At the time of entry, Bass Pro made a claim that the merchandise was eligible for preferential treatment as originating goods under the OFTA. Although Bass Pro later conceded that it incorrectly made this claim, it now makes a claim for duty-free treatment under the TPL provisions. As noted above, the merchandise is classified in an OFTA TPL-eligible provision and was “knit or cut to shape” in Oman from fabric or yarn produced outside the territory of Oman or the United States. Furthermore, at the time of entry, the OFTA TPL was not closed. Because the merchandise met the requirements for preferential treatment under the OFTA TPL provisions at the time of importation and Bass Pro properly sought a post-importation TPL claim through a protest pursuant to 19 U.S.C. § 1514, the merchandise should be granted preferential treatment under the OFTA TPL provisions.

HOLDING:

The protest should be granted. The merchandise is eligible for preferential tariff treatment under the OFTA TPL provisions.

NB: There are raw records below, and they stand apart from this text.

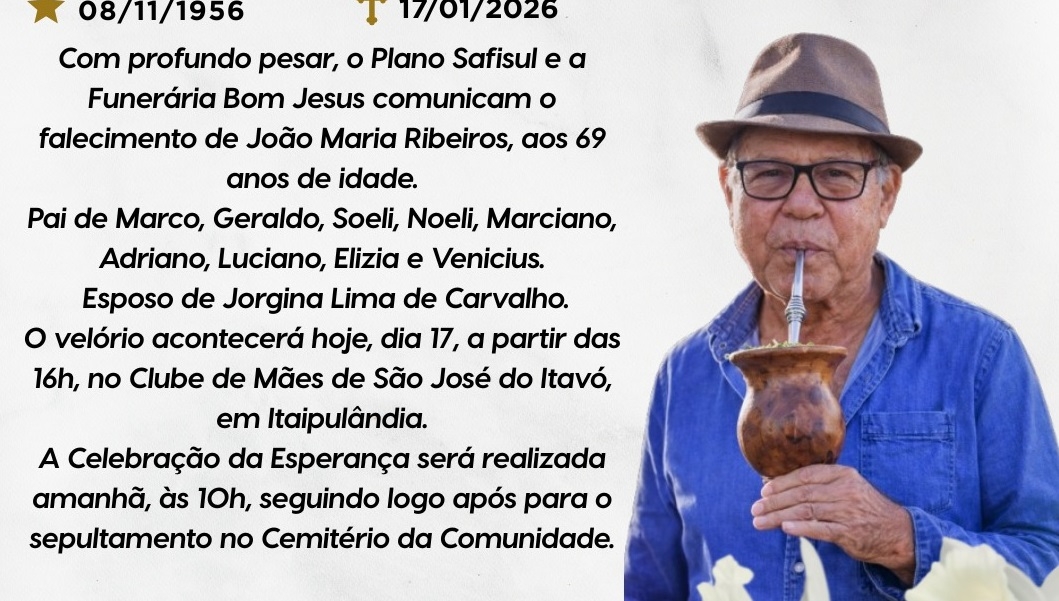 Velório ocorre em São José do Itavó e sepultamento será realizado neste domingo em Itaipulândia
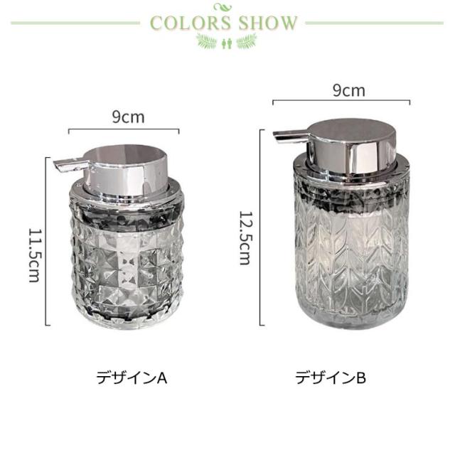 | 【ホテルライクなデザイン】 高級ホテルをイメージしたおしゃれなガラス製デザイン!原液の色によって雰囲気が変わるので自分好みのカラーを探せます! 【使いやすいポンプヘッド】 幅広のポンプヘッドで押しやすく滑らかな押し心地です。 【大きい開け口】 口径が大きいので洗いやすく、補充も簡単です。 【各種類洗剤対応】 洗剤ボトルは市販の一般洗剤が対応できます。泡ソープは直接ボトルに入れて使用できます。シャンプーや食器用洗剤、洗顔料など粘度の高い液体洗剤の場合は、先に純水で3-8倍に薄めれば泡も立てられます。 【容量】※200ml/220mlの容量がありますが、満タンにすると溢れ出たりポンプが動作しにくくなる場合がございますので、容器の60〜80%程度を目安に液を補充してください。 | |
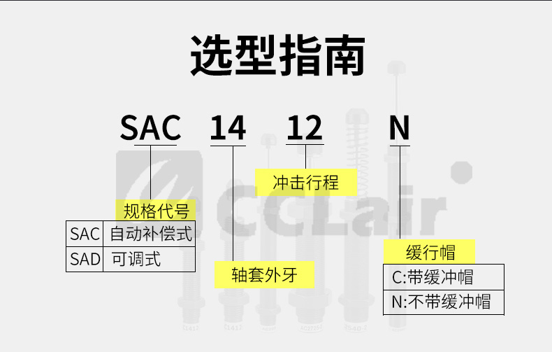 SAC-0806N,SAC-0806C,SAC-1005N,SAC-1005C,SAC-1008N,SAC-1008C,緩沖器,臺灣氣立可CHELIC型 SAC不可調式油壓
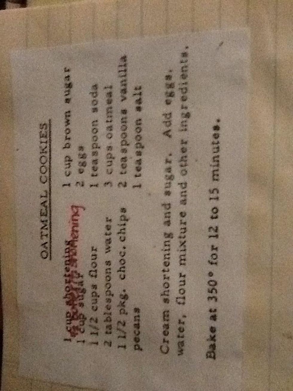 1/2c Butter and shortening1.0c Sugar1/2c Flour2.0Tbsp Water1/2c Choc. Chips and pecans1.0c Brown sugar2.0 Eggs1.0tsp Soda3.0c Oatmeal2.0tsp Vanilla1.0tsp Salt 1.Cream shortening,butter and sugar. 2.add eggs,water,vanilla, other dry ingredient 3.add oatmeal then pecans and choc. Chips
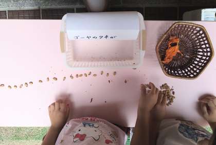 いくつあるのかなぁ・・? 種にも興味をもち、並べたり、数えたりしています。

In accordance with Sections IV and VI of the CBP Protest/Petition Processing Handbook (HB 3500-08A, December 2007, pp. 24 and 26), you are to mail this decision, together with the CBP Form 19, to the Protestant no later than 60 days from the date of this letter. Any reliquidation of the entry or entries in accordance with the decision must be accomplished prior to mailing the decision. Sixty days from the date of the decision, the Office of Trade, Regulations and Rulings, will make the decision available to CBP personnel, and to the public on the CBP website at www.cbp.gov, by means of the Freedom of Information Act, and other methods of public distribution.